Tuesday, July 24, 2007

3rd HBCT Leaders Meet With Mada'in Qada Mayor

Council members express their concerns about Salman Pak to team leaders of 3rd (Heavy) Brigade Combat Team, leaders of the Mada'in Qada council and the mayor at the national police headquarters in Jisr Diyala, Iraq, July 18.


By Sgt. Natalie Rostek
3rd Brigade Comabt Team, 3rd Infantry Division Public Affairs

COMBAT OUTPOST CASHE, Iraq – Leaders of the 3rd Heavy Brigade Combat Team met with the Mada’in Qada mayor and council members July 18 at the National Police Headquarters in Jisr Diyala.

The group met to discuss security, sanitation, supplies, and the relocation of the national police in Salman Pak.

“I am very happy for everyone being here today,” Mayor Abu Bahar said through a translator. “But I am in very much pain and suffering for the people of Salman Pak.”

The main concern, according to Capt. Leon Mathais from the Virgin Islands and the intelligence officer for the 1st Battalion, 15th Infantry Regiment, is the conflict between the Sunni and Shia in the area.

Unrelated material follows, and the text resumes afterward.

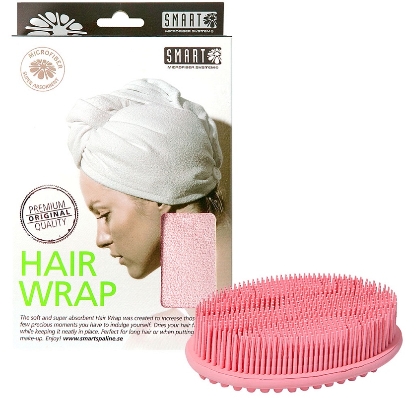 Очаровательный набор для душа: супервпитывающий тюрбан для волос шведского бренда Smart и популярная двусторонняя щетка для тела Душ-Массаж производства немецкой компании Sweepa.
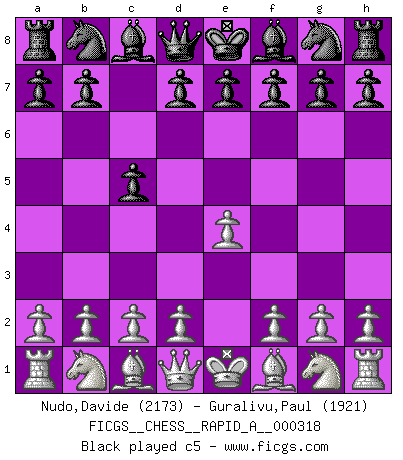 Last move : Rc4 2026 January 30 14:37:16 White clock - 22 days 19:58:55 Black clock - 46 days 12:17:21 [Event "FICGS__CHESS__RAPID_A__000318"] [Site "FICGS"] [Date "2025.12.15"] [Round "1"] [White "Nudo,Davide"] [Black "Guralivu,Paul"] [Result "*"] [WhiteElo "2173"] [BlackElo "1921"] 1.e4 c5 2.Nf3 d6 3.d4 cxd4 4.Nxd4 Nf6 5.Nc3 a6 6.Bc4 e6 7.Bb3 b5 8.Be3 Be7 9.f3 Bd7 10.Qd2 O-O 11.g4 Nc6 12.Nce2 Nxd4 13.Nxd4 b4 14.g5 Ne8 15.Bc4 d5 16.exd5 Nd6 17.Bb3 Qc8 18.dxe6 fxe6 19.Qe2 a5 20.Bd2 a4 21.Bxe6+ Bxe6 22.Qxe6+ Qxe6+ 23.Nxe6 Rxf3 24.Nc7 Rc8 25.Nd5 Bf8 26.O-O-O Ne4 27.Nb6 Rc7 28.Nd5 Rc4 29.* Follow this game move after move (download)Life is like a game of Chess, changing with each move. (Chinese proverb) Schach ist ein Reich, wo sich die menschliche Phantasie frei entfalten kann. (David Bronstein) El Ajedrez lo es todo: arte, ciencia y deporte. (Anatoly Karpov) Aux échecs, l'amour-propre est satisfait quand on remporte la victoire, mais il n'y a pas de honte à être battu. (Benjamin Franklin) Without enthusiasm, virtue functions not at all, and vice only poorly. (Mignon McLaughlin, The Neurotic's Notebook, 1960)

“They have to get past the Sunni and Shia tension,” Mathais said. “They have to understand that they are all working toward the same good. They all want the same things for their families.”

Communication between the two groups is a problem that needs to be addressed in order to bring reconciliation to Salman Pak, said Mathais.

“Everyone can’t be leaders,” he said. “There has to be mutual communication between each side. Once there is open dialogue, the area will get better.”

Currently, the police securing Salman Pak are living and working out of schools, libraries and fuel stations. The local people feel the police are disrupting their community, said Mathais.

“Because there is no designated place for the police to live, they are living off the community,” explained Mathais. “The (residents) see the police who live at the fuel station using the fuel for their own purposes and feel they do not have access to it.”

The meeting discussed ways to alleviate the local citizens’ concerns. Plans have been made to move the police out of the public buildings. The mayor made a short-term goal of delivering bottles of water to the Salman Pak citizens on a daily basis as a priority. There is also a project to clean Salman Pak’s roads.

“Cleaning the streets will do two things,” Mathais said. “It will give them pride in their town and it will also help coalition forces better identify (improvised explosive devices).”

Col. Wayne W. Grigsby Jr., from Prince George’s County, Md., encouraged the Mada’in Qada leaders by telling them he has never seen a better-run government than theirs.

“We have a long way to go,” he said. “We are not there yet but working together we will get there.”